* _Problem to work on_
The output is the line containing "My youngest daughter" plus every later line down to the end of the listing below, copied exactly. No pictures belong in it.

* _Provided data_
================

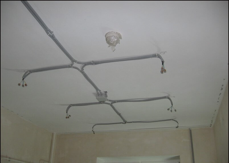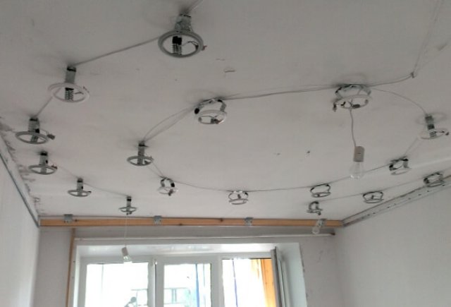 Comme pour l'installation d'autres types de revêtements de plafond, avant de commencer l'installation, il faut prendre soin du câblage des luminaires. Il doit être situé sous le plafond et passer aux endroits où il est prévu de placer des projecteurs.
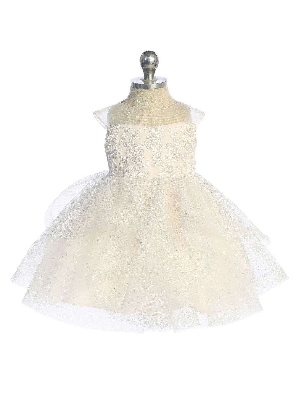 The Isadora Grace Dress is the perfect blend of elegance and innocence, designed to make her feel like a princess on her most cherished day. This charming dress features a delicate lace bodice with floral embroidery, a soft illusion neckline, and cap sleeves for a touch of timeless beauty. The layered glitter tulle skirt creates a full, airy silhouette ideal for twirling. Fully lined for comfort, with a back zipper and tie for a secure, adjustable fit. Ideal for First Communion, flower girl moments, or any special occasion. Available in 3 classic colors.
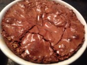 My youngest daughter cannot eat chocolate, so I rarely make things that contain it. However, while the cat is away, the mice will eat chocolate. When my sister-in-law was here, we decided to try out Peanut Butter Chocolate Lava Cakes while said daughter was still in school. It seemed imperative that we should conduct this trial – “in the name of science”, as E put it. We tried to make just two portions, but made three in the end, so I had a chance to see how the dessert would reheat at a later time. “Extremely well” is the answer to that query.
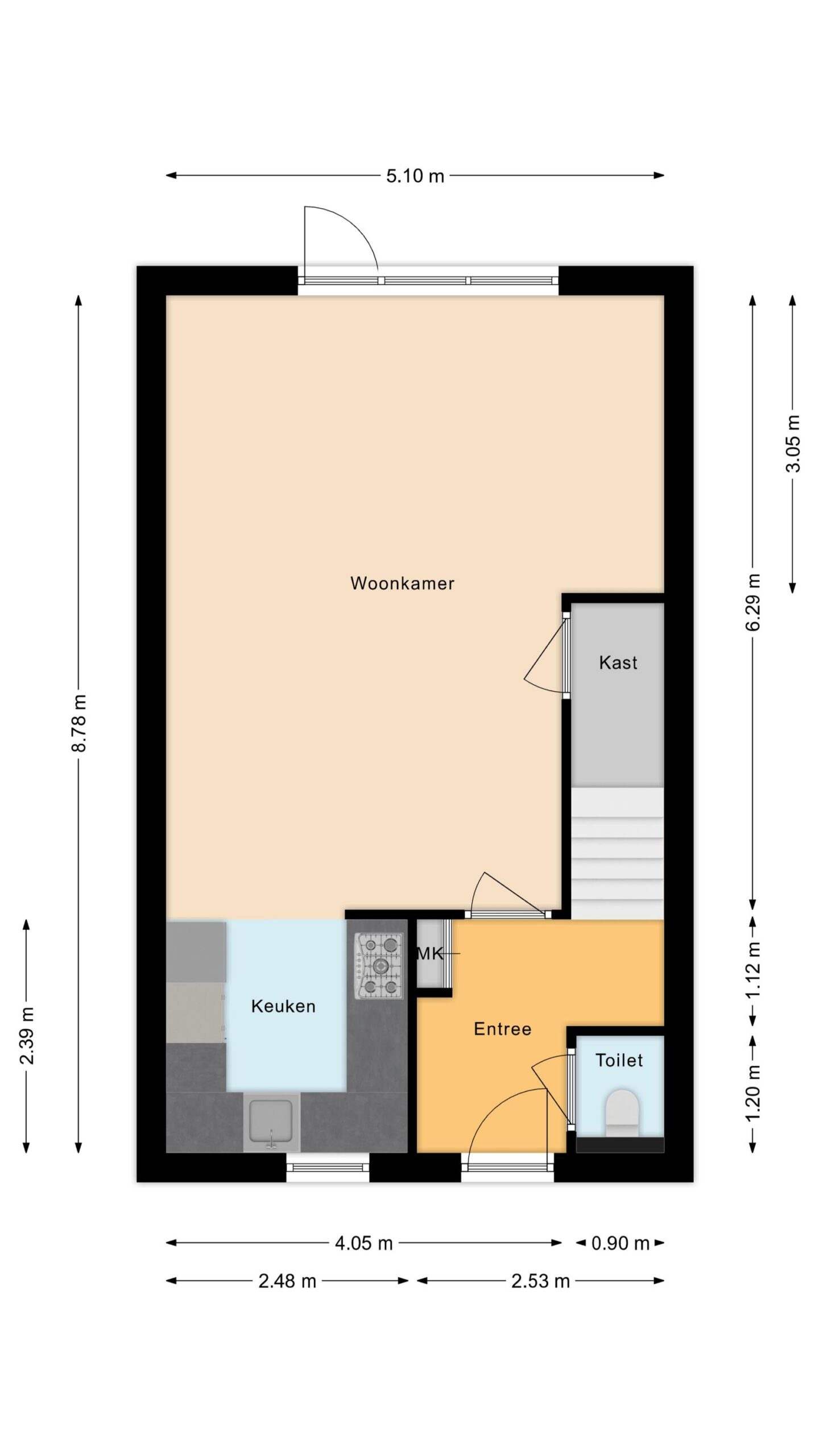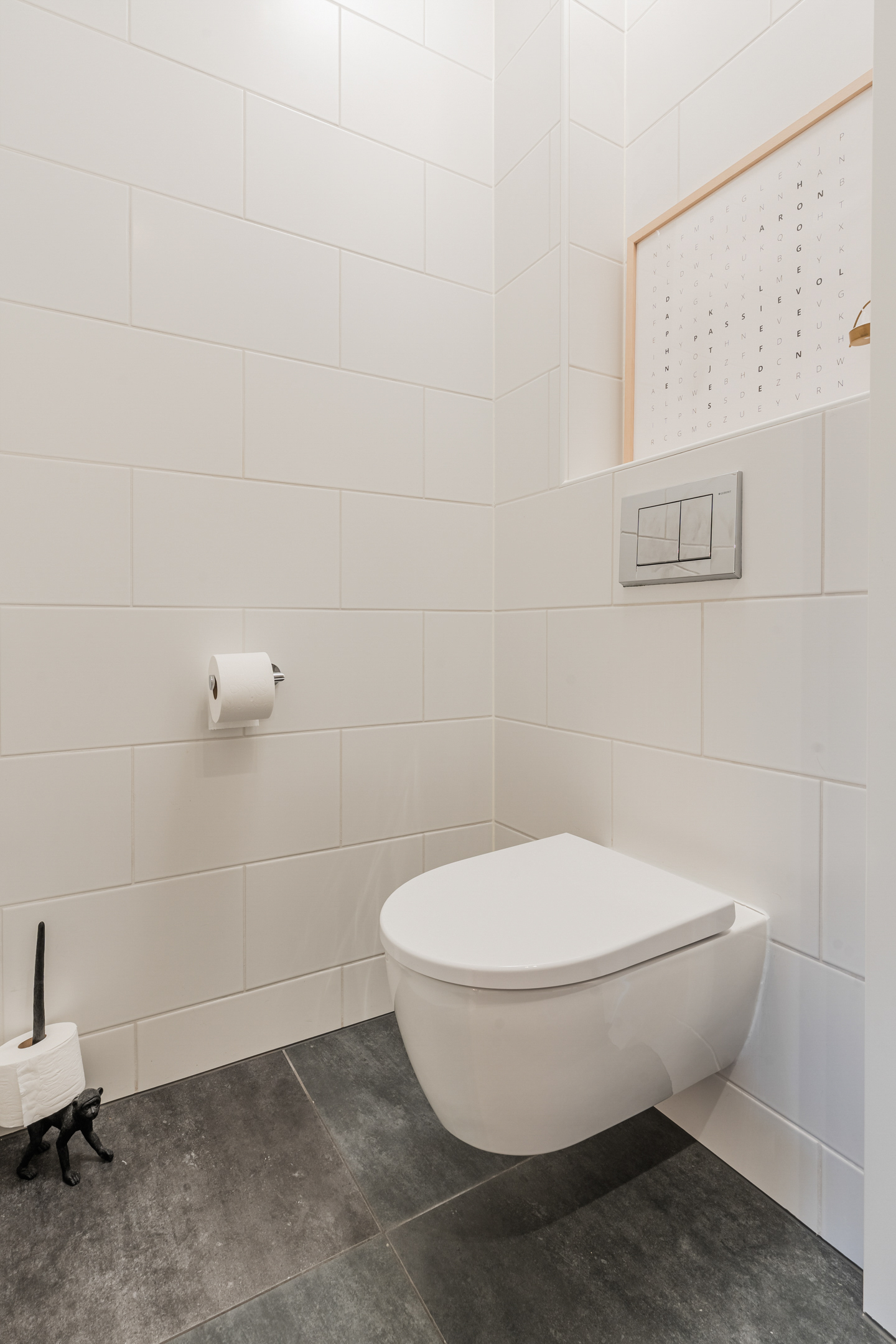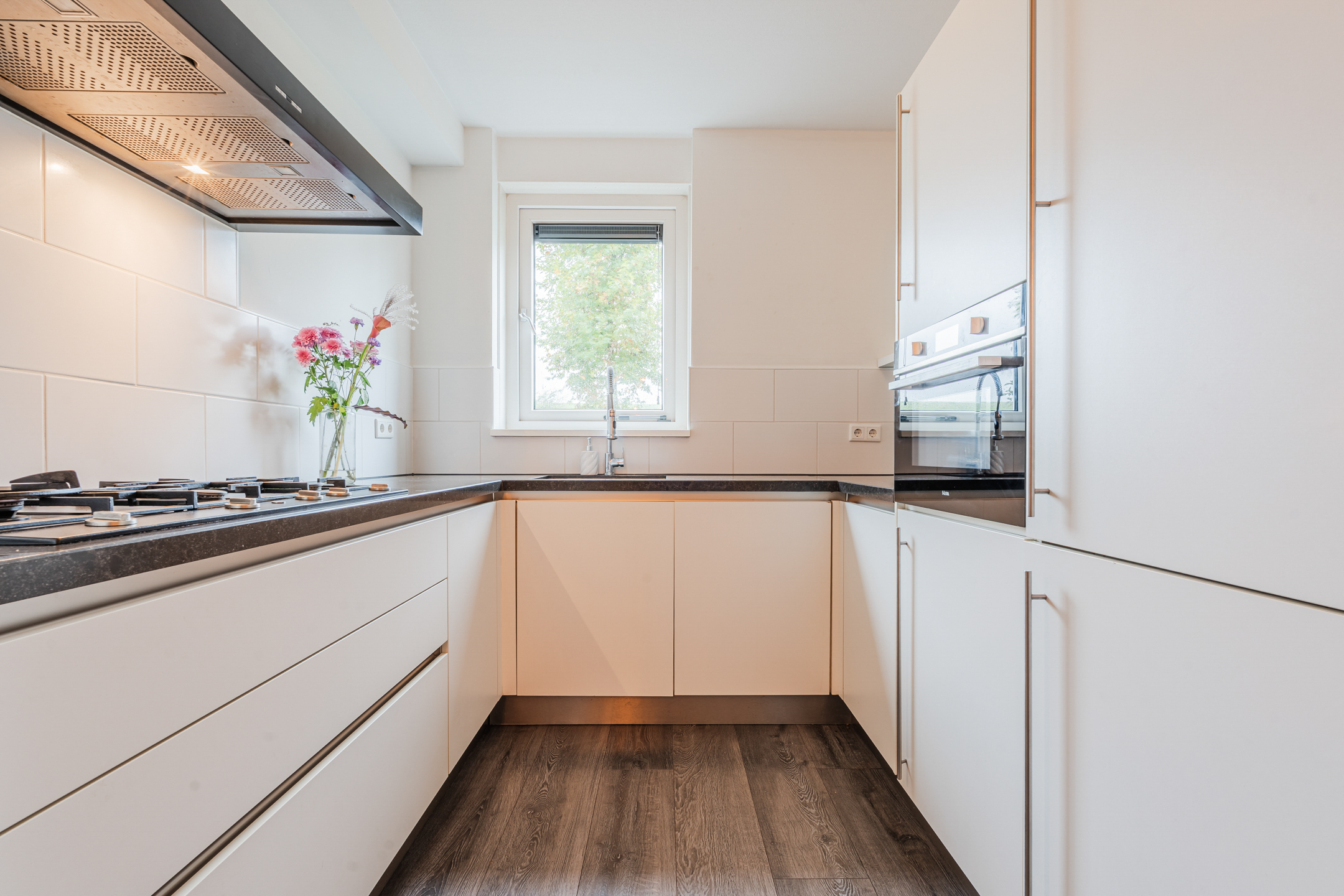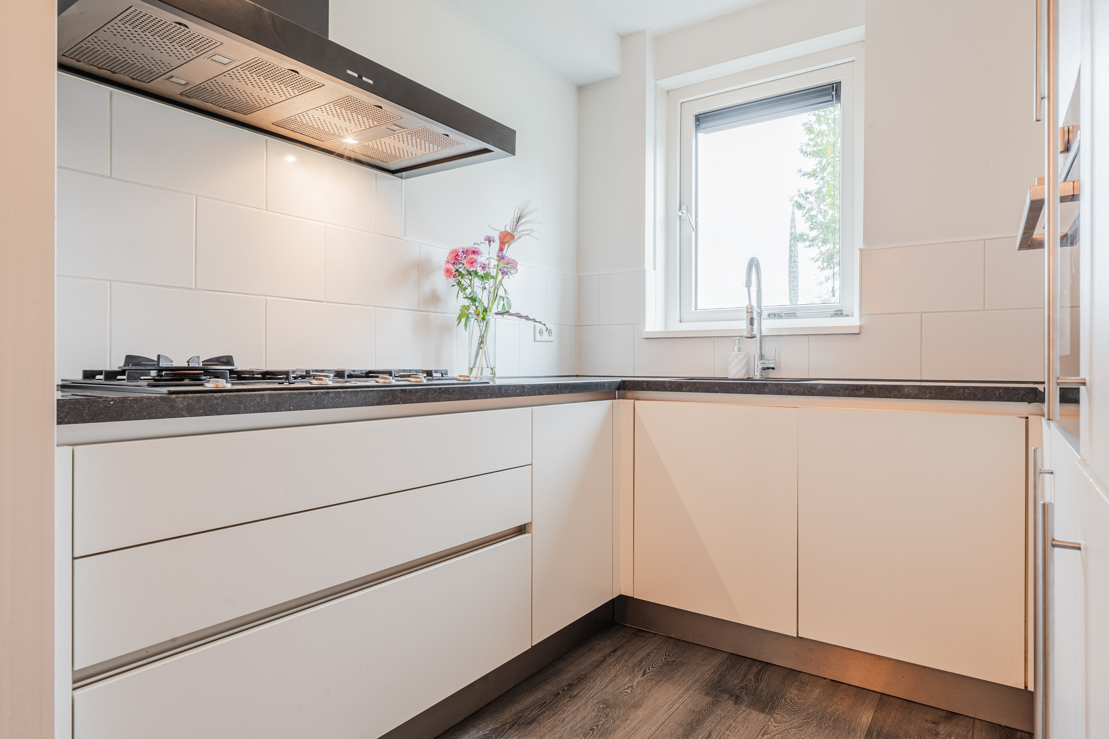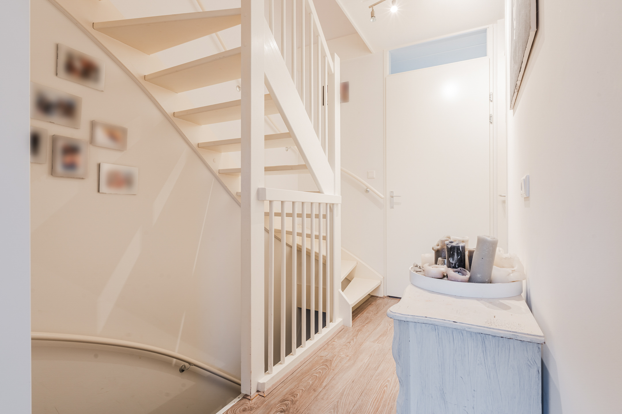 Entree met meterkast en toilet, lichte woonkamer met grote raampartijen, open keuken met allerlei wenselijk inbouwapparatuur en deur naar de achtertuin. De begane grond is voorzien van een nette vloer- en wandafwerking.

================

* _Reply_
 My youngest daughter cannot eat chocolate, so I rarely make things that contain it. However, while the cat is away, the mice will eat chocolate. When my sister-in-law was here, we decided to try out Peanut Butter Chocolate Lava Cakes while said daughter was still in school. It seemed imperative that we should conduct this trial – “in the name of science”, as E put it. We tried to make just two portions, but made three in the end, so I had a chance to see how the dessert would reheat at a later time. “Extremely well” is the answer to that query.
 Entree met meterkast en toilet, lichte woonkamer met grote raampartijen, open keuken met allerlei wenselijk inbouwapparatuur en deur naar de achtertuin. De begane grond is voorzien van een nette vloer- en wandafwerking.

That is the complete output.